From geopolitics to geostrategy
By 2026, geopolitics has firmly established itself as a standing board priority. Ongoing conflict, government intervention and growing resource constraints are already reshaping markets, supply chains and investment decisions. For many organizations, the initial response has focused on risk containment. Increasingly, however, boards are recognizing that geopolitical shifts also have a direct bearing on long‑term value creation and that treating them purely as risk limits strategic choices.
Boards that have moved further are embedding geopolitical insight into strategy, capital allocation and operating model decisions. They insist on a shared “house view” of global trends and challenge management on how those trends affect growth markets, cost structures, access to critical resources and expected returns. The discussion is no longer abstract. It centers on where political or regulatory exposure may already be reshaping competitive dynamics and whether the organization is positioned to protect value or capture advantage ahead of peers.
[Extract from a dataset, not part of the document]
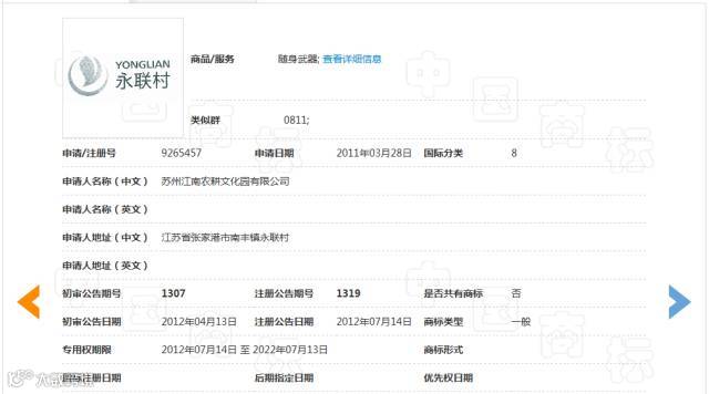 2017年1月20日,商标评审委员会作出被诉决定。该决定认定,诉争商标指定使用在“园艺工具(手动的)、手工操作的手工具、胡桃钳、切刀、刀叉餐具”商品上与引证商标一构成使用在同一种或类似商品上的近似商标;诉争商标指定使用的“磨具(手工具)、鱼叉、修指甲成套工具、调色刀、剑”商品与引证商标一核定使用的商品不够成类似商品;诉争商标与第9265457号“永联村YONGLIAN及图”商标(简称引证商标二)、第9274917号图形商标(简称引证商标三)不构成近似商标。据此,决定:诉争商标在“磨具(手工具)、鱼叉、修指甲成套工具、调色刀、剑”商品上的注册申请予以初步审定,在其余复审商品上的注册申请予以驳回。

For audit committees, this shift brings a sharper focus on value protection. Assumptions underpinning major investments, goodwill and long‑term forecasts are increasingly tested against geopolitical disruption - not as an annual exercise, but as part of ongoing governance.
Innovation and AI: shifting from activity to value
Innovation remains central to board discussions in 2026, but the tone has evolved. Artificial intelligence is now embedded across many organizations, transforming processes and decision‑making. At the same time, boards are becoming more aware of the risk that innovation spending - particularly on AI - can dilute value if it is not clearly anchored in strategy.
Effective boards have already shifted the conversation away from activity and adoption metrics toward measurable enterprise value. They challenge management to articulate what value innovation and AI are expected to deliver, whether through margin improvement, growth acceleration or greater resilience, and how that value will be tracked over time. Just as importantly, they make trade‑offs explicit: which initiatives are being delayed, scaled back or abandoned as capital and talent are redirected.
Governance plays a decisive role. Boards are clarifying ownership of AI‑related risk and value realization, aligning oversight across committees, and testing whether data quality, talent and controls are strong enough to turn innovation into sustainable returns rather than short‑term experimentation.
Cybersecurity as a business and trust issue
Cybersecurity has, by now, moved well beyond its traditional framing as a technical concern. As technology underpins finance, operations and customer relationships, cyber incidents are increasingly eroding value far beyond the initial breach, through operational disruption, fraud, regulatory exposure and loss of trust.
Boards that are responding effectively treat cyber as an enterprise‑wide risk with direct implications for cash flow, reputation and access to capital. Oversight has become more dynamic, focusing on preparedness, clarity of accountability, and decision speed rather than static policies. Boards that understand their organization’s ability to detect, contain, and recover from incidents are better positioned to safeguard trust, which has increasingly become a core value driver.
Audit committees play a critical role by linking cyber oversight to internal controls, fraud risk and assurance, ensuring that cyber resilience supports reliable reporting and long‑term confidence in the business.
Sustainability: from ambition to operating reality
Sustainability is no longer a new agenda item for boards in 2026. What has changed is the nature of the challenge. After years of commitments and target‑setting, boards are increasingly focused on execution and on how sustainability choices directly influence profitability, resilience and strategic positioning.
Boards are making progress where sustainability is embedded into capital allocation, transformation programs and operating models. This includes demanding credible data, linking sustainability decisions to financial planning, and understanding how sustainability investments contribute to productivity, efficiency, security and growth. As budget pressure increases, sustainability is less often treated as a parallel initiative and more as a lever for long‑term value protection and creation.